Along with Mark Twain's The Prince and the Pauper, Howard Pyle's Otto of the Silver Hand is one of the first historical novels written for children by an American.1 It is also one of the most remarkable, and it set the standard for many novels written since. There are two kinds of historical novels: those using both actual and fictional historical events and people, and those that use a historical period with fictional people and events. With the exception of Rudolph I and King Ottocar of Bohemia,2 there are no actual historical people in Otto of the Silver Hand; but that Otto is more fiction than history does not lessen its significance. It has all the marks of a good historical novel: it has an exciting plot, with ample conflict and believable characters; it uses language and dialect appropriate to its setting and the characters; it has a significant, universal theme, and it presents the details of daily life in Germany of the thirteenth century accurately and unobtrusively, making the period real and alive.
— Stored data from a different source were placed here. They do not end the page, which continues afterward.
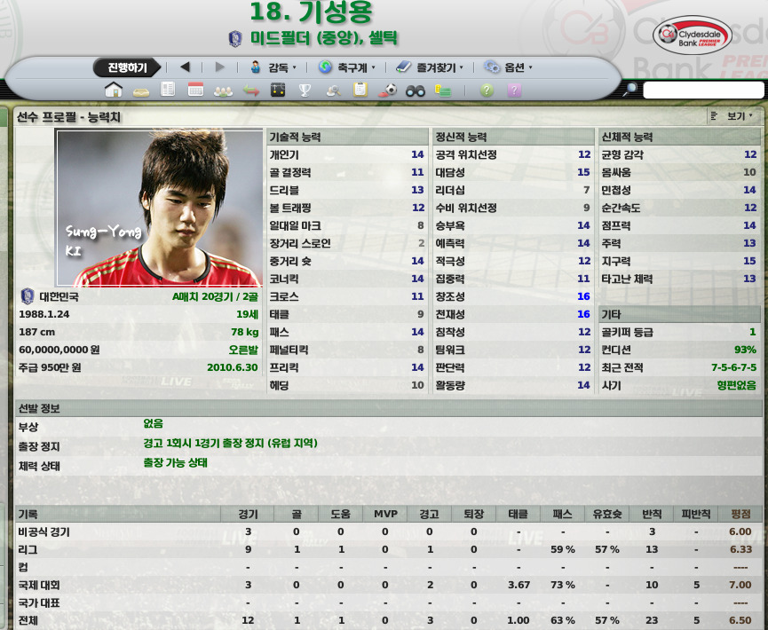 기성용은 SPL 소속이라 어빌을 낮게 배정 받은 불운한 선수입니다. 국내 선수들 중 그래도 높은 편에 속하니 위안으로 삼아야죠.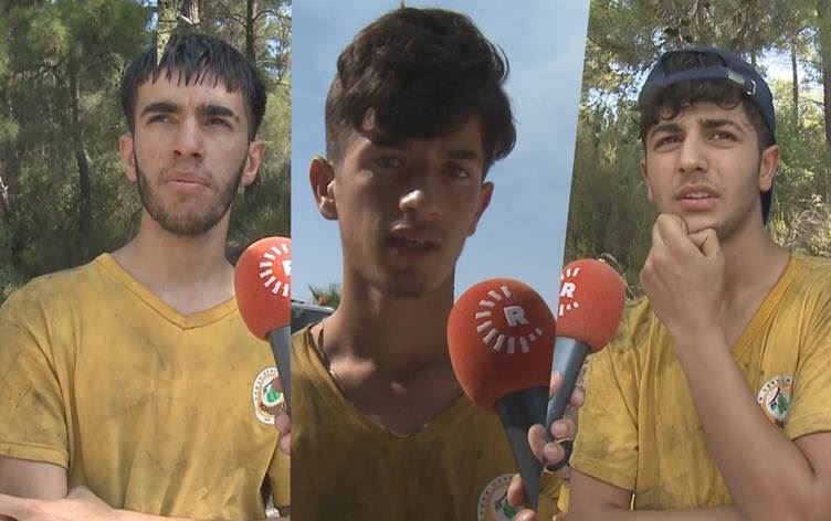 18 yaşındaki Diyarbakırlı gençler Özgür, Ahmet ve Mert de Antalya’da sözleşmeli itfaiyeci olarak yangın söndürme çalışmasına aktif olarak katılıyor.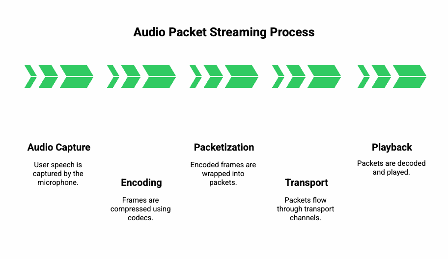 When we talk about streaming in a phone conversation, we are not referring to how platforms stream movies or how websites play stored audio. Telephony requires real-time call audio streaming, where audio travels as small encoded packets with strict timing rules.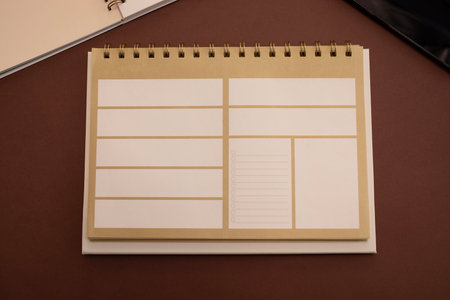 Notebooks and calendar on brown color table. Top view. Copy space.

The conflict between the feuding houses of Baron Conrad and Baron Henry, and the conflict between good and evil represented by the church and by the robber barons, generate the action and suspense of the novel. It focuses on the boy Otto, the innocent victim of the feud and the hope of a brighter, less cruel world, a hope nurtured by Otto's early years with the monks at St. Michaelsburg. Steeped in the plots of traditional folktales, Howard Pyle had learned well how to construct a story that would keep readers, young or old, swiftly turning pages "to see what happens next." Pyle is especially effective in creating suspense in the episodes in which Baron Henry burns Drachenhausen, in which One-eyed Hans rescues Otto from Trutz-drachen, and in which Baron Henry cuts off Otto's hand.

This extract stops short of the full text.